Mr Amaral said: "I received numerous messages of support and solidarity since being taken off the case, including from the UK – messages that also motivated me to tell people what I knew about the Maddie case. I am positive that there's also a section of the public eager to know the truth.
"People can form their opinion without the manipulation that we have seen before."
He said his only regret was failing to carry out a reconstruction of the events soon after Madeleine vanished but claims he was put under "serious pressure" not to. He insisted this was the only failure in a "perfect" text-book investigation.
Asked whether he thought Madeleine was dead, he said: "It is not just my opinion. A whole team of Portuguese and British investigators came to that conclusion last year, and this is part of the files. I have never said the couple killed their daughter and this is not my belief. Deaths may happen for natural reasons, accident or intervention by a third party."
He said he was unperturbed by the threat of any legal action from the McCann family. "There is no reason for that. The details exposed in the book are facts, happenings and objective data which figure in the process and not lies, as they have been described in the press."
He denied he was profiting from the tragic case. "The biggest thing I achieved with this book was to defend my honour and that of those who worked with me. The way I see it, you cannot put a price on dignity. The other objective of the book is to contribute to the search for the truth."
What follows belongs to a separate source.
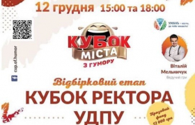12 грудня 2019 року о 15.00 та 18.00 годині в актовій залі Уманського державного педагогічного університету імені Павла Тичини проходитиме відбірковий етап ліги гумору на Кубок ректора УДПУ.

Mr Amaral added that he is now considering legal action against a number of British media outlets. The "excessive" publicity the case attracted was a "double-edged sword: on one hand it makes the disappearance known, but on the other hand it puts the life of the missing person in jeopardy," he insisted. "I demanded from my superiors, they stand up for the investigators faced with attacks by the media, but that never happened. This was one of the reasons that led me later on to hand in my resignation so I could regain my freedom of speech and write the book."
Clarence Mitchell, a spokesman for the McCanns, said last night: "Lawyers for Kate and Gerry have been aware of what Mr Amaral has been alleging for some time. What he has said and written before now is grossly defamatory of them.
"If he chooses to publish them in Britain those words will be studied intensely carefully and they will not hesitate to act if they are defamatory."